* _Exercise details_
Write out once more the lines running from the top of the entries below to the line with "Blue Grey Dining", both ends included.

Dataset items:
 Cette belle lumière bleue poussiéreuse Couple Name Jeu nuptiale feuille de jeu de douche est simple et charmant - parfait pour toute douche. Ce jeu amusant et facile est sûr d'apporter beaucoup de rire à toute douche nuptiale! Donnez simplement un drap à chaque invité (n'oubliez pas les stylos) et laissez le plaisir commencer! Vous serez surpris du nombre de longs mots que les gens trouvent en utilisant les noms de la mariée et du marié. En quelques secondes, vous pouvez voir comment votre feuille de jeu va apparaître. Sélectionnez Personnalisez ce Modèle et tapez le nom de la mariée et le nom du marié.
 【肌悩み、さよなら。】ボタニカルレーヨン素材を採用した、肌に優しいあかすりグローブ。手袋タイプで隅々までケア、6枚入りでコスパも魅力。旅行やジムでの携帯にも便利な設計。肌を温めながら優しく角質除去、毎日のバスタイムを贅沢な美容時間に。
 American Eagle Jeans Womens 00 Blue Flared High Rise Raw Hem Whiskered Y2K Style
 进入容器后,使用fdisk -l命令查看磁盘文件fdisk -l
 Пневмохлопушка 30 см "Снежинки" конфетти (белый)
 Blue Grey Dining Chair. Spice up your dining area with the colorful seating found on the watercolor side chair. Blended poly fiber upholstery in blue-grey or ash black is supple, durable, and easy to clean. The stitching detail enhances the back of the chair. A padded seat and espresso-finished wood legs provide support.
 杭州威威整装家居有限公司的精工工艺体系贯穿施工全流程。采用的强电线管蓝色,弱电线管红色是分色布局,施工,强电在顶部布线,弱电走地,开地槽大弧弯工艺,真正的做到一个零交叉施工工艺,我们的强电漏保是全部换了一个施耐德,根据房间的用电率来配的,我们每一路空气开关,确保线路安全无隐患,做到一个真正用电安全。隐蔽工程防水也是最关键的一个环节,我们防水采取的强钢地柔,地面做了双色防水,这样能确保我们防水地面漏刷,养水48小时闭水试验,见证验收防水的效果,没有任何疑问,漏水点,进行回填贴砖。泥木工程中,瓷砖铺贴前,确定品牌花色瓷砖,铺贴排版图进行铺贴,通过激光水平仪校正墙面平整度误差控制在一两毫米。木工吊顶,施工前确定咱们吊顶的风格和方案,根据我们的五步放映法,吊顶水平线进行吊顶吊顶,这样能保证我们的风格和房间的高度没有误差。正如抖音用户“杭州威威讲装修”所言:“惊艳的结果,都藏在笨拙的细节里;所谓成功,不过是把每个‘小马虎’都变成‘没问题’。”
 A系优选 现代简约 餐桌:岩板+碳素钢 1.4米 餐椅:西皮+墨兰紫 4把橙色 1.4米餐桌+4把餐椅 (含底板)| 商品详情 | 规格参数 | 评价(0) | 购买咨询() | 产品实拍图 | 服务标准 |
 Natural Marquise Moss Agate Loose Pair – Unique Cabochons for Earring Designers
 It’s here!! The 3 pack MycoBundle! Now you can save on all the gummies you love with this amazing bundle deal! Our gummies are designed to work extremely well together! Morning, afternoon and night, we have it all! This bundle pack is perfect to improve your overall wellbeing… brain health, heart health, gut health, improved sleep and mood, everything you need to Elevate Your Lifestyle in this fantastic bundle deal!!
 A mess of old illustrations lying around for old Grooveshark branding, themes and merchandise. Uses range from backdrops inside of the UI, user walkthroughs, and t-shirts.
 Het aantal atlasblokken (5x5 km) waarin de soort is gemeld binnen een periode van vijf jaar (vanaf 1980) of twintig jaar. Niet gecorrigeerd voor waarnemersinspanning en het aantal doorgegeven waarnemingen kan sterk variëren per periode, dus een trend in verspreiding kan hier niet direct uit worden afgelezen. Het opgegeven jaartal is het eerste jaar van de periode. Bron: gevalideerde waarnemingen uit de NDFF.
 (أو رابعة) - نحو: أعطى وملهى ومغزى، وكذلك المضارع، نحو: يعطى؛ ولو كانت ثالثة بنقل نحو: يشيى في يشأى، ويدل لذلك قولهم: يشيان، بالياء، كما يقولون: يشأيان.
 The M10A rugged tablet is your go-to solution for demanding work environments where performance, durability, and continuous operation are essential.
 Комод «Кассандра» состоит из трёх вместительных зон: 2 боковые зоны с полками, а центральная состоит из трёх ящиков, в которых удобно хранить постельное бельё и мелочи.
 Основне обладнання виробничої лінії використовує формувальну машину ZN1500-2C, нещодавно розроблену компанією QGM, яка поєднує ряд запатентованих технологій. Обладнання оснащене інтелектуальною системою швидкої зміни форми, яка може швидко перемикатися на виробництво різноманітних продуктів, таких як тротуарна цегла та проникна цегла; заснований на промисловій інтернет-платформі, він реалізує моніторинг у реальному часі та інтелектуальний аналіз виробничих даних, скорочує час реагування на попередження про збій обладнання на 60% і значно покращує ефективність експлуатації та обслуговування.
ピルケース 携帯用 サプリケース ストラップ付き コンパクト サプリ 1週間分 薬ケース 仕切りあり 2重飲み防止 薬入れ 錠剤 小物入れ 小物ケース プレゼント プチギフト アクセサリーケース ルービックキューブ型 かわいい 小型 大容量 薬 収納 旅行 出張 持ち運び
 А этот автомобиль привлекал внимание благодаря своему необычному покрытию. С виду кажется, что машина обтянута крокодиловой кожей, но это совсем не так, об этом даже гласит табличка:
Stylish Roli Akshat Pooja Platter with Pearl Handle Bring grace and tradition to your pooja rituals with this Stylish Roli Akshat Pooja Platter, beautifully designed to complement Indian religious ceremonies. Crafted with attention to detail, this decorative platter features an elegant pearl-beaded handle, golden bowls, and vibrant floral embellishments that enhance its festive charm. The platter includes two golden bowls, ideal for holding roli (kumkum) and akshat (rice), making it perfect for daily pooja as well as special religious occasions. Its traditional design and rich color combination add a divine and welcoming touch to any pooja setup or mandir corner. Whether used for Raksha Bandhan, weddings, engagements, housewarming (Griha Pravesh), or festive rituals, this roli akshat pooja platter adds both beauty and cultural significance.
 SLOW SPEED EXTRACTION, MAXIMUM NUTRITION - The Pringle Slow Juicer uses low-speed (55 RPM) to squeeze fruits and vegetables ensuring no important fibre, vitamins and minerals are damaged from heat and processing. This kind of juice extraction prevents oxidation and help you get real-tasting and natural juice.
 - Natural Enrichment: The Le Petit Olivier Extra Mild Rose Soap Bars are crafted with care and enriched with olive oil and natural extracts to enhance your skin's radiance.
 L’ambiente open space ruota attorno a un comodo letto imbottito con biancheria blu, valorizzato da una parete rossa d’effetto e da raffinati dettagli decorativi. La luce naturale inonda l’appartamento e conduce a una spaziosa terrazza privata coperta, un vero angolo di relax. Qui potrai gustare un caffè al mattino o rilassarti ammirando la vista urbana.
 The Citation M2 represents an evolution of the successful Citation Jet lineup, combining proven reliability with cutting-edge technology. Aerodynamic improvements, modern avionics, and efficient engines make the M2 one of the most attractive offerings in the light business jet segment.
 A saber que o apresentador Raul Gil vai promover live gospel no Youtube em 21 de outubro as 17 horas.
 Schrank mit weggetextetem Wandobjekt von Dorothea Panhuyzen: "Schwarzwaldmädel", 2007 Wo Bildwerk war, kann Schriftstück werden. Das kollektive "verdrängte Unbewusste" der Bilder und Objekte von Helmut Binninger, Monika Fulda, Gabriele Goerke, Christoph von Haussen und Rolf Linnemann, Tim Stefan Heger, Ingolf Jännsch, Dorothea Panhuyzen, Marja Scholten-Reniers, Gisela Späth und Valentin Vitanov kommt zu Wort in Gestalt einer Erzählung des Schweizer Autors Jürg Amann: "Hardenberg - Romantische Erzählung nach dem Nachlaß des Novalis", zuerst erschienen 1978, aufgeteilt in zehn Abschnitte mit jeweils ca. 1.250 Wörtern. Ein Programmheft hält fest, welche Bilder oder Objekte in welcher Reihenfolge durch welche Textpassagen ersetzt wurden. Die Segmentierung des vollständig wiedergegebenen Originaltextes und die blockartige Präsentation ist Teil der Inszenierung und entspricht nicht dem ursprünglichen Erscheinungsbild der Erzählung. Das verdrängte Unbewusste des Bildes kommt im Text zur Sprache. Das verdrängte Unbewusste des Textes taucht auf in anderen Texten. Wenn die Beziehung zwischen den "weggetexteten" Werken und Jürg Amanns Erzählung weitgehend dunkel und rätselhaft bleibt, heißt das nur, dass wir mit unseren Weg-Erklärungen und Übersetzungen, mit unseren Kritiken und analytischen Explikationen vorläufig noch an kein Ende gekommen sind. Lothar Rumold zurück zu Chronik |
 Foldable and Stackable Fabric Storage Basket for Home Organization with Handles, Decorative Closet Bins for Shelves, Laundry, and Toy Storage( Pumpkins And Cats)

* _Answer to this exercise_
 Cette belle lumière bleue poussiéreuse Couple Name Jeu nuptiale feuille de jeu de douche est simple et charmant - parfait pour toute douche. Ce jeu amusant et facile est sûr d'apporter beaucoup de rire à toute douche nuptiale! Donnez simplement un drap à chaque invité (n'oubliez pas les stylos) et laissez le plaisir commencer! Vous serez surpris du nombre de longs mots que les gens trouvent en utilisant les noms de la mariée et du marié. En quelques secondes, vous pouvez voir comment votre feuille de jeu va apparaître. Sélectionnez Personnalisez ce Modèle et tapez le nom de la mariée et le nom du marié.
 【肌悩み、さよなら。】ボタニカルレーヨン素材を採用した、肌に優しいあかすりグローブ。手袋タイプで隅々までケア、6枚入りでコスパも魅力。旅行やジムでの携帯にも便利な設計。肌を温めながら優しく角質除去、毎日のバスタイムを贅沢な美容時間に。
 American Eagle Jeans Womens 00 Blue Flared High Rise Raw Hem Whiskered Y2K Style
 进入容器后,使用fdisk -l命令查看磁盘文件fdisk -l
 Пневмохлопушка 30 см "Снежинки" конфетти (белый)
 Blue Grey Dining Chair. Spice up your dining area with the colorful seating found on the watercolor side chair. Blended poly fiber upholstery in blue-grey or ash black is supple, durable, and easy to clean. The stitching detail enhances the back of the chair. A padded seat and espresso-finished wood legs provide support.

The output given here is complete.